Democratic Senator Brian Schatz of Hawaii and Representative Earl Blumenauer of Oregon have announced plans to introduce a bill that would prohibit U.S. imports of agricultural commodities produced on illegally deforested land. The approach is modeled on the successful Lacey Act Amendments of 2008 that banned the trade in illegal timber. The European Union and the U.K. are also developing trade regulations designed to reduce commodity-driven deforestation.
“I think most U.S. consumers would strongly agree that it’s immoral, outdated, and preposterous that products sold on supermarket shelves can be traced back to illegally deforested land,” said Representative Earl Blumenauer. “This report offers more evidence as to why we need to crack down on illegal deforestation from commercial agriculture. We’ve made progress on illegally harvested timber under the Lacey Act.
Now, putting an end to unnecessary illegal deforestation for palm oil, soy, beef, and other products is the next logical extension towards ending these destructive practices that are hurting the world’s forests and the climate.”

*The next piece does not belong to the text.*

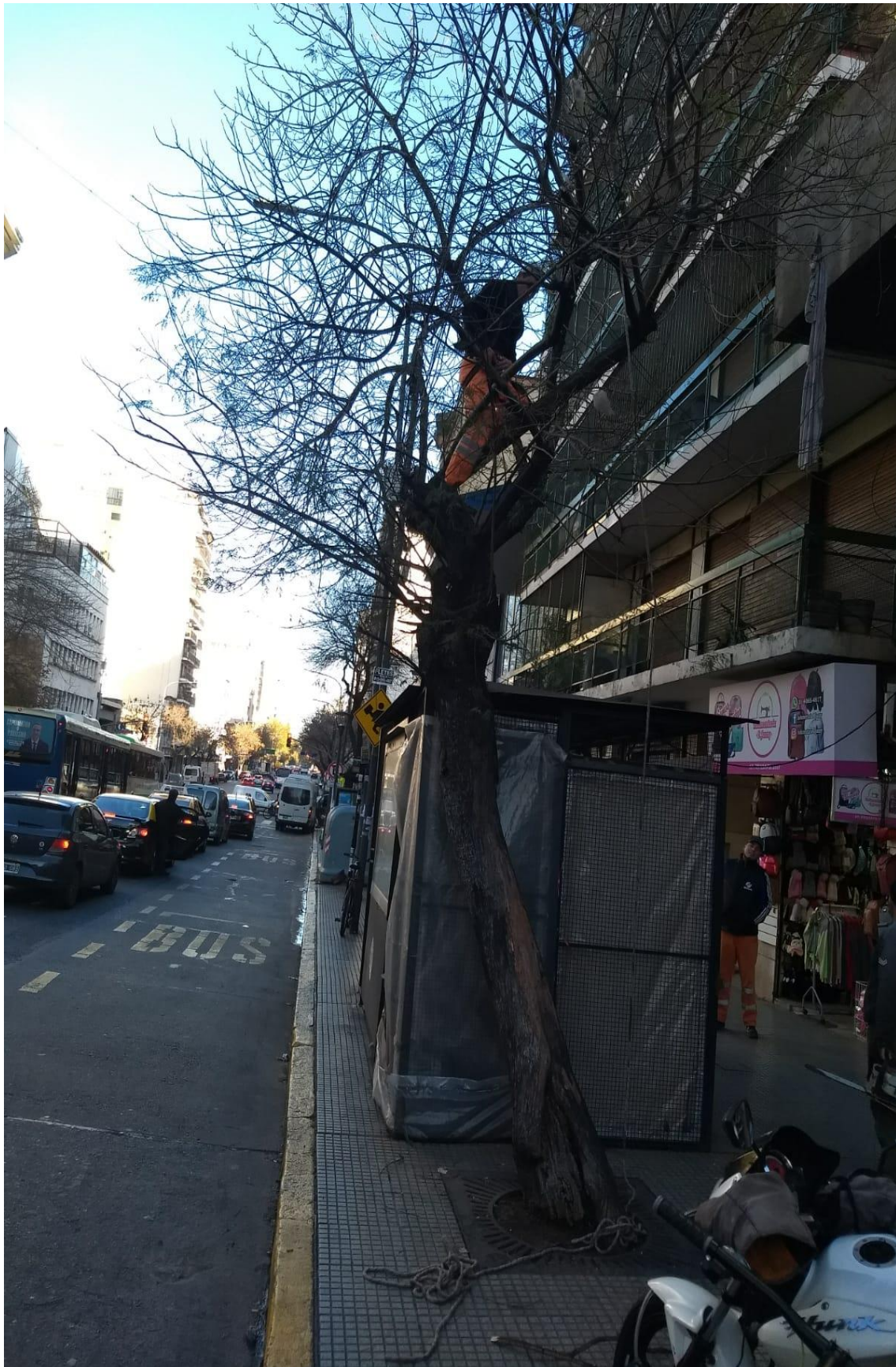
AV. RIVADAVIA 2551 ANTES

The upcoming climate talks in Glasgow mark another key moment for addressing illegal deforestation at the national and international scales. National climate plans and emissions targets are expected to include forest protection, considered to be one of the lowest-cost and most effective Nature-Based Solutions. Without such a solution, meeting the Paris targets and reversing the climate crisis are all but impossible.
But such solutions surely are possible. Case studies point to how forest destruction has been halted in the past. A growing body of research has shown that Indigenous Peoples are effective stewards of tropical forests who can serve as partners in ending illegal deforestation. And a decade ago, the Brazilian government did more than any other country to address climate change when it slowed deforestation by upping enforcement and working with soy and cattle producers to adopt a moratorium on forest clearing.